EVERSON, Wash. - A neighborhood of 12 pretty town homes in this rural area of Whatcom County represents more than new housing opportunities for Nooksack tribal members. For about 16 Nooksacks, building the townhomes meant an opportunity to learn new skills leading to careers in construction.
"These town houses were built by Nooksack Indian tribe members for Nooksack Indian families," said Jeff Hertz, director of the Nooksack Housing Authority. "This is an excellent example of federal grant funding being used to its fullest extent to meet the employment and housing needs of the Nooksack people."
For Clayton Roberts, the town homes gave him a chance to return home and to further develop his construction skills. A Nooksack, he was raised in Deming but lived for awhile in Bellingham.
Roberts had worked in construction for about 12 months when he was hired to help build the town homes in June 2003. He said he is related to six families in the new neighborhood.
Mike Grummel, project superintendent, said construction industry apprentices earn between $10 and $16 an hour. Grummel said Nooksack is developing a similar apprenticeship program with the Lummi Indian Nation.
Jobs are scarce in this part of Whatcom County. Many Nooksacks work for the tribal government, the Nooksack River Casino or area lumberyards. Tribal enterprises include the casino and the Nooksack Market Centre in Deming.
Home construction, however, is booming. More people are building homes amid the scenic rural beauty of eastern Whatcom County and commuting to jobs in Bellingham and Mount Vernon.

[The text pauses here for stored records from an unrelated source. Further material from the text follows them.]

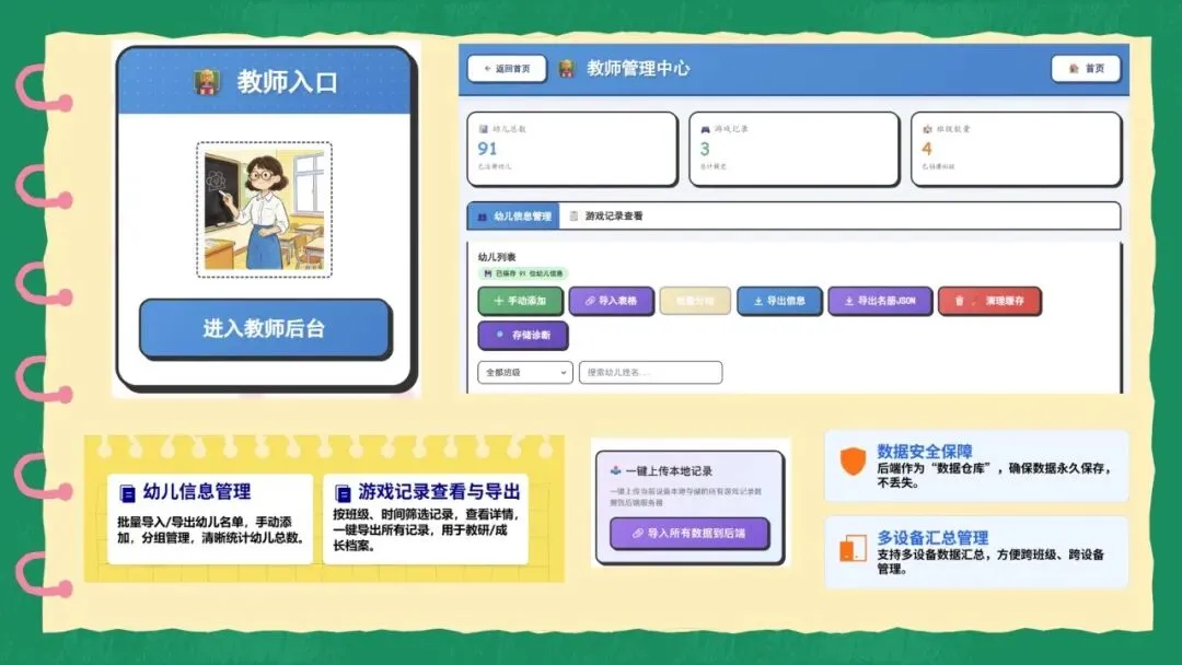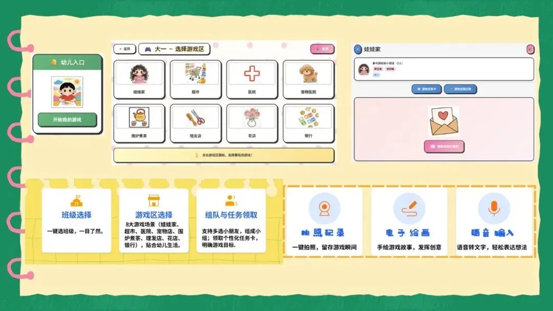 「快乐机幼」角色游戏小助手依托响指平台开发,专为幼儿园角色游戏设计。幼儿端沉浸式游戏,含任务卡与多元记录;教师端高效管理班级、上传查看数据,双向打通形成闭环,解决观察、记录、管理难题。以AI+游戏实现三大创新,助力幼儿快乐成长。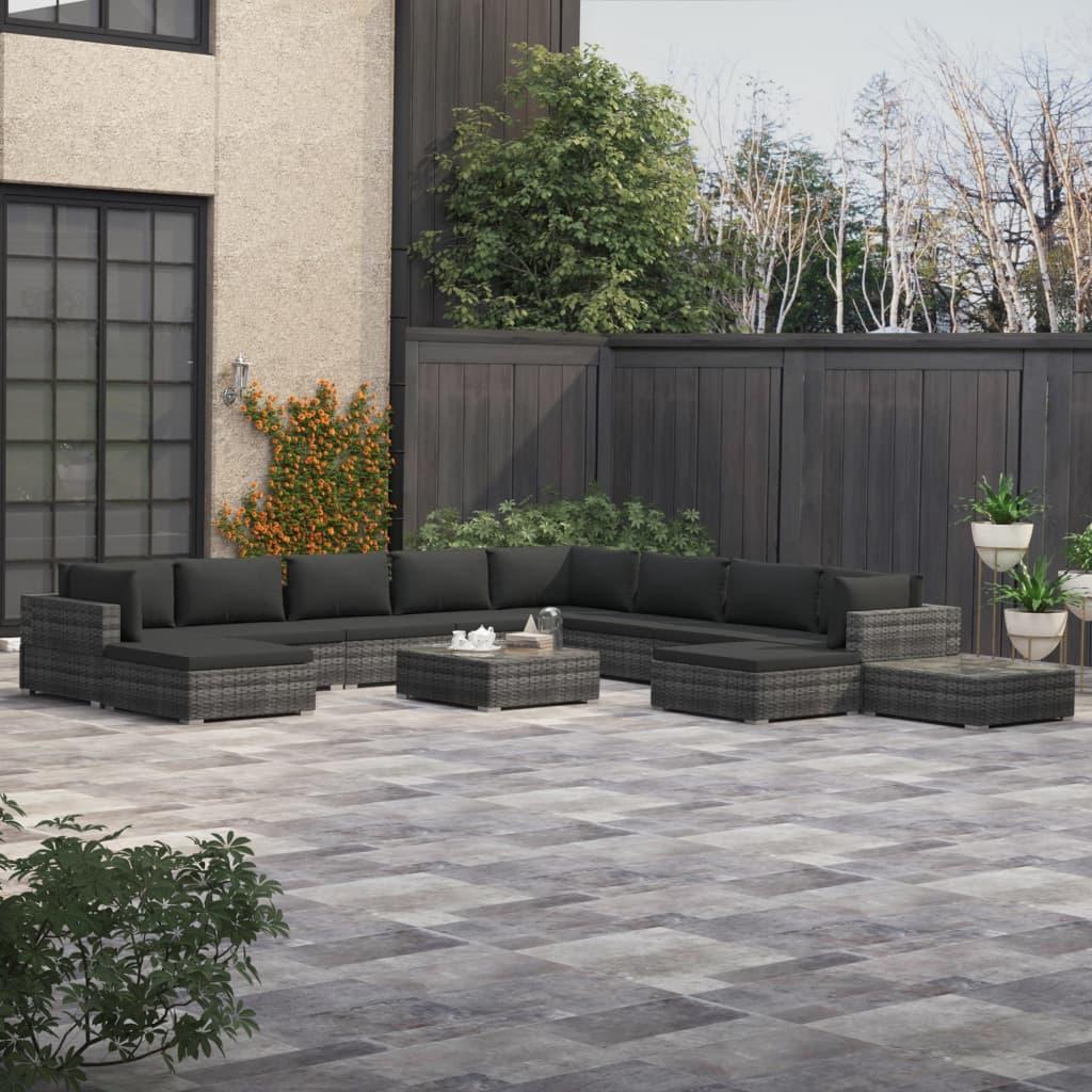 This rattan sofa set combines style and functionality, and will become the focal point of your garden or patio. The whole furniture set is designed to be used outdoors year-round. Thanks to the weather-resistant and waterproof PE rattan, the lounge set is easy to clean, hard-wearing and suitable for daily use. The seat set features a sturdy powder-coated steel frame, which is highly durable. It is also lightweight and modular, which makes it completely flexible and easy to move around to suit any setting. The thick, removable cushions are highly comfortable. Delivery includes 3 corner sofas, 5 middle sofas, 2 footrests, 2 coffee tables, 10 seat cushions and 11 back cushions. Note: We recommend covering the set in the rain, snow and frost.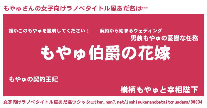 | 男性向けラノベタイトル風あだ名 | 『やはりもやゅの青春ラブコメはまちがっている 』 |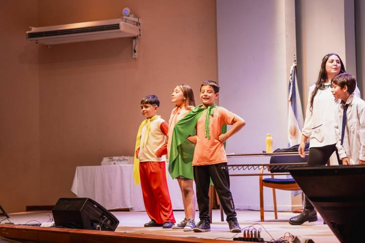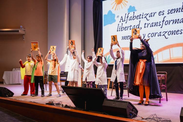 A través de una representación con música y narración, los alumnos, una docente, una “bruja malvada” y niños súper héroes interpretaron cómo las palabras pueden transformar la vida de las personas y conectar el aula con el mundo, reflejando el espíritu del plan que atraviesa todos los niveles educativos de la provincia.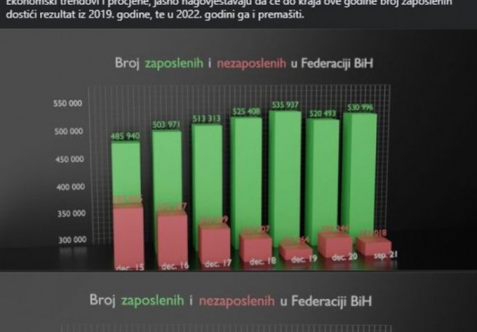 - Ove dvije grafike prikazuju rast zaposlenosti u Federaciji BiH u vrijeme aktuelne Vlade na čijem je čelu premijer Fadil Novalić. Da nije bilo pandemije, zaposlenost, koja je u 2019. godini dosegnula vrhunac, sasvim sigurno bi bio nastavila da raste u istom tempu, od 10 do 15 hiljada novih radnih mjesta godišnje.

Nooksacks expanding in region
The Nooksack Indian tribe is headquartered 17 miles east of Bellingham near the town of Deming. The tribe was recognized in 1973 and has a total enrollment of 1,658 and a total land base of 284.53 acres - almost six people per acre. Nooksack has expanded its land base by acquiring non-tribal land, like the townhouse site, and converting it to tribal trust land.
"The Nooksack Indian Tribe is a growing organization that is progressively taking steps to provide for the needs of our people," Nooksack Chairman Narcisco Cunanan said in a press release. "We share in the region's vision for a great quality of life while, at the same time, striving to maintain our culture and protect our sovereignty."
The town houses are located on Mission Road in Everson, near Deming. They were built by the Nooksack Tribal Works Department using funds from the U.S. Department of Housing and Urban Development.
The two-story units are 1,152 square feet each, with two bedrooms and one and a half bathrooms.
"The maximum rental charge on the town homes will be $650 per month, which can be adjusted downward based on each tenant's income and [Nooksack Housing Authority] program guidelines," Hertz said.
The town houses are next to Nooksack's Suchanon Housing Site, a neighborhood of 40 mutual-help homes, three, four and five-bedroom in size.
Other Nooksack housing developments:
*Five Cedars, a Deming neighborhood of 30 mutual-help homes, three and four-bedroom in size.
*Five Cedars also has seven two-bedroom homes that are rentals for elders and those with physical challenges.
*Rutsatz Housing Site, a Deming neighborhood of 27 mutual-help homes, two, three and four-bedroom in size.
*17 homes in several locations in Whatcom County.
Nooksack celebrated the grand opening of the town houses on Feb. 6, followed by tours of the units and a reception at the Nooksack Community Center.